╭─ Data supplied

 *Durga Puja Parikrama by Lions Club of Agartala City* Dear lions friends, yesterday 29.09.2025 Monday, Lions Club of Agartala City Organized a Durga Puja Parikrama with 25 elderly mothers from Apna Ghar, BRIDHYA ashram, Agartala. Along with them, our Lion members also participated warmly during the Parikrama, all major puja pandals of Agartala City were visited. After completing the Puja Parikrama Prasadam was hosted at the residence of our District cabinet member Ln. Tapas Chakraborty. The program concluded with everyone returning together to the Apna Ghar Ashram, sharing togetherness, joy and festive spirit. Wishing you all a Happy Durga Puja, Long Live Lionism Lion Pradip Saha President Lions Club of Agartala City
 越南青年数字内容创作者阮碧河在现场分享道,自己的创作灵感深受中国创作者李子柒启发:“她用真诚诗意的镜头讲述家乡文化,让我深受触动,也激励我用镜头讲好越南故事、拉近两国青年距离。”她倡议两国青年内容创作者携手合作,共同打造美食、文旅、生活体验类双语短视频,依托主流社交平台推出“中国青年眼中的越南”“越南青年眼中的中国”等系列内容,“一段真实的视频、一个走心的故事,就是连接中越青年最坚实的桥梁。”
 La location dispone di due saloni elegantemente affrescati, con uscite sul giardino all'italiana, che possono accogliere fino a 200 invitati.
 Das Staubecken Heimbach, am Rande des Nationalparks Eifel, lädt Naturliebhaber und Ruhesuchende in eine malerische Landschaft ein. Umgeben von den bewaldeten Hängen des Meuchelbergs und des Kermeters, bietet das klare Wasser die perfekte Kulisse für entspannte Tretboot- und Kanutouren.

╰─
╭─ Data supplied

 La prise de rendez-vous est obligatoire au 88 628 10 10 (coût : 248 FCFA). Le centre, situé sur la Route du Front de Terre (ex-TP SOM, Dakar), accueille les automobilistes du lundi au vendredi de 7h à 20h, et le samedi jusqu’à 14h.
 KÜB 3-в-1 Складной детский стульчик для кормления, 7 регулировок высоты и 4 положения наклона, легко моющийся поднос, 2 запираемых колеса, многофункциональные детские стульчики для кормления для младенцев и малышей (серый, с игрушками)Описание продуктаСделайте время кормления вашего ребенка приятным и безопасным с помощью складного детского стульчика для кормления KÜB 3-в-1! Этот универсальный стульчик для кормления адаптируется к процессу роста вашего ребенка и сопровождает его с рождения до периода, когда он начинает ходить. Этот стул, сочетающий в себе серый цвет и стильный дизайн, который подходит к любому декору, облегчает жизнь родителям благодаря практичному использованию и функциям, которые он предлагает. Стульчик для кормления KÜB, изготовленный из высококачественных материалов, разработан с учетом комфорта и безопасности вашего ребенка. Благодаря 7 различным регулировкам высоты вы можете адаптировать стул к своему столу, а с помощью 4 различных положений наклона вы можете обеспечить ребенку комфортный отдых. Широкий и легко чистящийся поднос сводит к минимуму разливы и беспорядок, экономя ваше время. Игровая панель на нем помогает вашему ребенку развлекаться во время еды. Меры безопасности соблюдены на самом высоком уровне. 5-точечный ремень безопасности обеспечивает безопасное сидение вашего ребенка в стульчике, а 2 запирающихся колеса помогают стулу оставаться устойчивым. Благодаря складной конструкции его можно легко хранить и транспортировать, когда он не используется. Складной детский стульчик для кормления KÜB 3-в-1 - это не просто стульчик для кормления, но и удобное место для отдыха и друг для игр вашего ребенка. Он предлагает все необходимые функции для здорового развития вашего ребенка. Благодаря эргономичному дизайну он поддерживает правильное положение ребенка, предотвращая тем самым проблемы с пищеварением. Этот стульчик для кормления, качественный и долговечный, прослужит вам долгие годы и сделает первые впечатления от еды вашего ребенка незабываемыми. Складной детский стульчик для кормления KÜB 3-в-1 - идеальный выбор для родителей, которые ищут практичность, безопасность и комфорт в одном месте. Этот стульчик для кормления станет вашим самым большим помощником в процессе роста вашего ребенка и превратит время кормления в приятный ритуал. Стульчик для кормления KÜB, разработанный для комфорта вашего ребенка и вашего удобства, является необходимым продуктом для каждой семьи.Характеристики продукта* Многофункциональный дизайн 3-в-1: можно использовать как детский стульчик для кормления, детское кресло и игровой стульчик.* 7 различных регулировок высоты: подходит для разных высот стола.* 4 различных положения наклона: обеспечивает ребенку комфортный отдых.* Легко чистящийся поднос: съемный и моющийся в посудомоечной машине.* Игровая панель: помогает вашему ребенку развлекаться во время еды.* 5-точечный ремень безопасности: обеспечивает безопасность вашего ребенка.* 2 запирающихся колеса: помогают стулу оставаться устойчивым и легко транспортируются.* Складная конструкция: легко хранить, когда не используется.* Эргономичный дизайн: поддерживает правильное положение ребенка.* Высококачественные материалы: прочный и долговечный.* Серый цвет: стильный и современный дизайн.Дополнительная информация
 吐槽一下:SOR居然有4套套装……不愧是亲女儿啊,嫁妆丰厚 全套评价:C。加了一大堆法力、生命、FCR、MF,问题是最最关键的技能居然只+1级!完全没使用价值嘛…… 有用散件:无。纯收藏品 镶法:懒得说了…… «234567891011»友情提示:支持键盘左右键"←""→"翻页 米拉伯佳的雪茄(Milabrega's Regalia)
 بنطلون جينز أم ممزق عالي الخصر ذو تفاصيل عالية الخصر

╰─

### [Exercise goal]
Begin with the line that has "President Lions Club of Agartala City" in the listing above and end after the line that has "La location dispone"; output those lines exactly.

### [Response to the task]
 *Durga Puja Parikrama by Lions Club of Agartala City* Dear lions friends, yesterday 29.09.2025 Monday, Lions Club of Agartala City Organized a Durga Puja Parikrama with 25 elderly mothers from Apna Ghar, BRIDHYA ashram, Agartala. Along with them, our Lion members also participated warmly during the Parikrama, all major puja pandals of Agartala City were visited. After completing the Puja Parikrama Prasadam was hosted at the residence of our District cabinet member Ln. Tapas Chakraborty. The program concluded with everyone returning together to the Apna Ghar Ashram, sharing togetherness, joy and festive spirit. Wishing you all a Happy Durga Puja, Long Live Lionism Lion Pradip Saha President Lions Club of Agartala City
 越南青年数字内容创作者阮碧河在现场分享道,自己的创作灵感深受中国创作者李子柒启发:“她用真诚诗意的镜头讲述家乡文化,让我深受触动,也激励我用镜头讲好越南故事、拉近两国青年距离。”她倡议两国青年内容创作者携手合作,共同打造美食、文旅、生活体验类双语短视频,依托主流社交平台推出“中国青年眼中的越南”“越南青年眼中的中国”等系列内容,“一段真实的视频、一个走心的故事,就是连接中越青年最坚实的桥梁。”
 La location dispone di due saloni elegantemente affrescati, con uscite sul giardino all'italiana, che possono accogliere fino a 200 invitati.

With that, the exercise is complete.